William Peterson had become McGill’s new principal the year before. One of his first acts was to revamp McGill’s language requirements. Students no longer had to study both Greek and Latin for two years at the University – they could take one or the other. He continued the efforts begun by his predecessor Sir William Dawson in establishing McGill as an internationally recognized centre of scientific research. Within two years, physicist Ernest Rutherford would accept a position at the University that put him on the path towards his Nobel Prize.

Redpath Library in 1893

The Redpath Library and the Macdonald Physics and Engineering Buildings all opened in 1893, along with the Royal Victoria Hospital (McGill medical professor Thomas Roddick was the hospital’s first surgeon-in-chief).
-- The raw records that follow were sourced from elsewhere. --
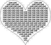 4、现在我们先将文字工具停留在心形之内(光标为),然后单击,出现文字输入光标,输入一些文字。如“LOVE”(注意每个字母之后都有一个空格,原因稍后再述)。选择一个英文字体(如Tohoma),选择小一些的字号(如6px),并复制粘贴几次,使其充满整个图形(超出也没有关系),效果如下左图。此时看到文字在图形内的排列并不对称,接下来在段落调板中设置居中,并适当设置左缩进和右缩进的数值(如5px),这样看上去就较为舒适了。一般来说在封闭图形内排版文字,都要进行这些设定以达到较好的视觉效果。如下右图。
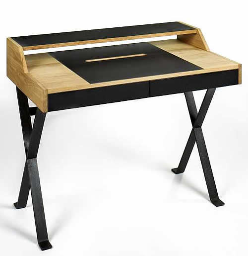 Die faszinierende, lebhafte Struktur des edlen Hartholzes Eiche und die ausgezeichneten Eigenschaften von Linoleum machen den Schreibtisch Stanley zu einem praktischen Alltagsbegleiter. Die geschmiedeten, pulverbeschichteten Eisenprofile mit ihren archaischen Schraub- und Schweißverbindungen sorgen für Standfestigkeit. Der Schreibtisch bietet zwei außergewöhnlich tiefe Schubladen und in der Mitte der mit Linoleum belegten Arbeitsfläche eine praktische Stiftmulde.
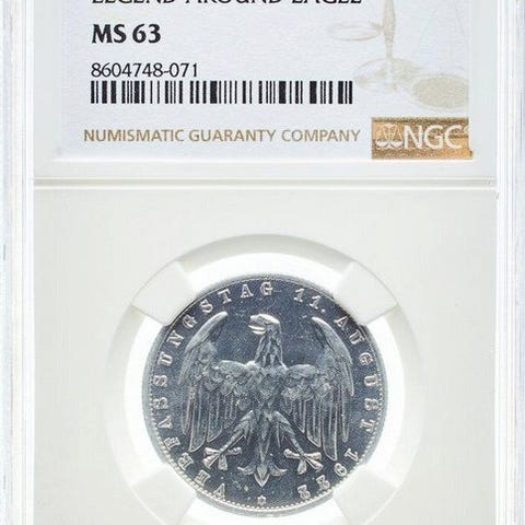 Et sølv 3-mark-mynt fra Berlin, Weimarrepublikken, præget i 1924 og uden cirkulation. Klik på den blå "gå til varen" knap, for at købe eller byde på denne vare. Den samlede pris vil blive vist inden du afgiver dit bud.
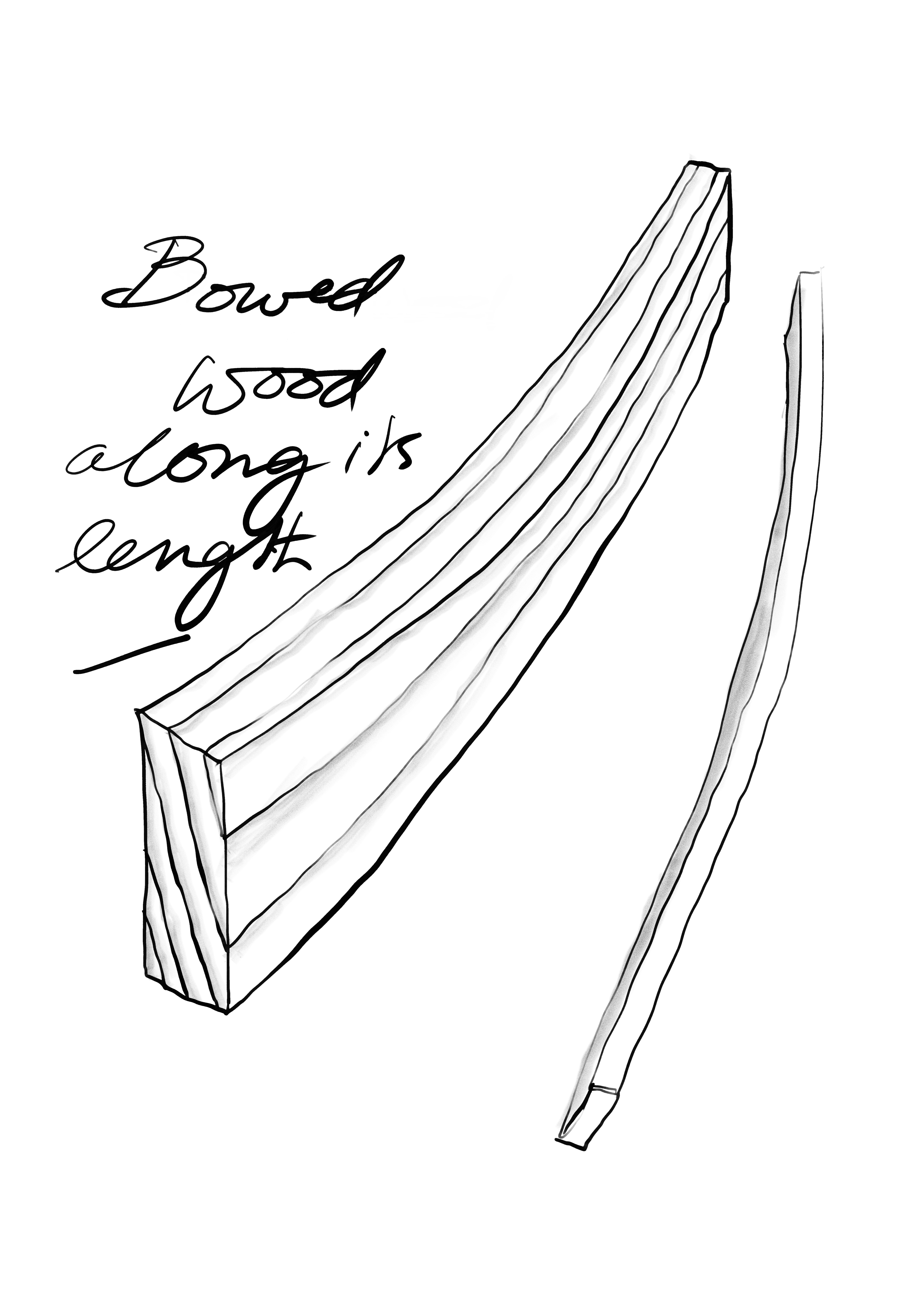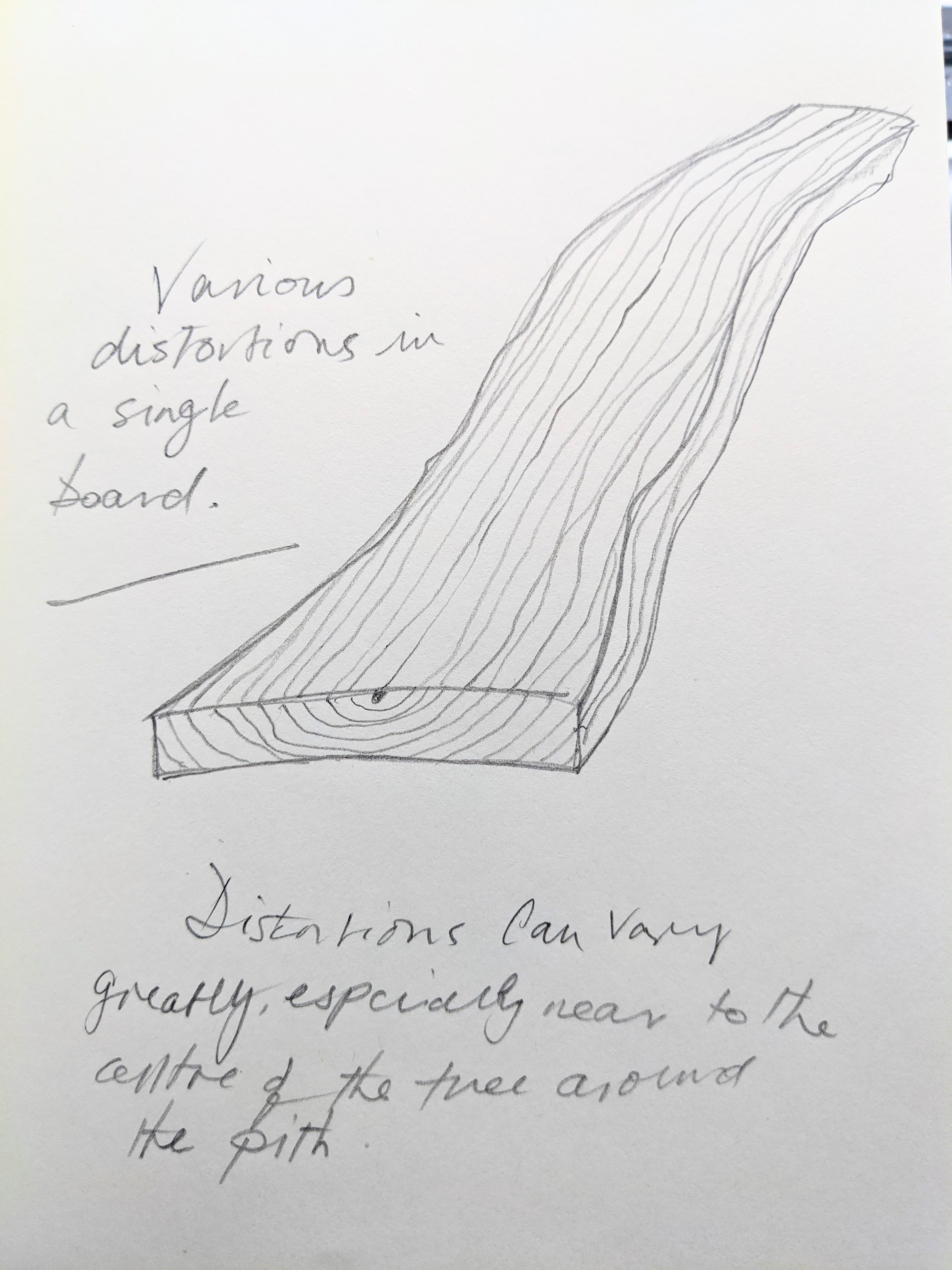 Cupped boards will be present in about 80% or more of the boards we buy simply because when the wood is cut green, as it almost always is, drying still must take place. Drying results in distortion of different kinds and at various levels and most of these are indeed predictable to a greater or lesser degree. Cupping, twist and bow will always be acceptable but not always accepted. If you go to a supplier looking for a flat, rough-sawn board every time, you will mostly be disappointed. I briefly covered the ways we can work it into our work in Why Shrink here. In other words most of our wood, once dried down to around 8%, will indeed be cupped to some degree. This cupping occurs as the wood is dried and it's because wood does not shrink to an even width or thickness and nor does it shrink in perfect parallel symmetry to its outer sawn faces, we must accept that we have yet more work to do.

McGill’s Department of Architecture (later to become a school) was created in 1896.

James Ogilvy & Sons (now Holt Renfrew Ogilvy) and Hamilton’s department store joined Morgan’s (now Hudson’s Bay) along Sainte-Catherine, as the downtown street replaced Old Montreal to become the city’s new main shopping district.

Students playing hockey on campus was a familiar sight in the winter, and women (wearing long skirts) began playing the sport at McGill in 1896. Montreal’s horse-drawn streetcars were retired in 1894 to make way for the city’s new electric streetcars.

Puccini’s La bohème premiered in Turin, Queen Victoria became the longest-reigning monarch in British history, and the first modern Olympics took place in Athens. John Cox, McGill’s Macdonald Professor of Physics, was the lead author of a groundbreaking paper that demonstrated the medical potential of an exciting new technology discovered in 1895 – X-rays. Cox had used an X-ray image to help doctors find an elusive bullet lodged in a patient’s leg.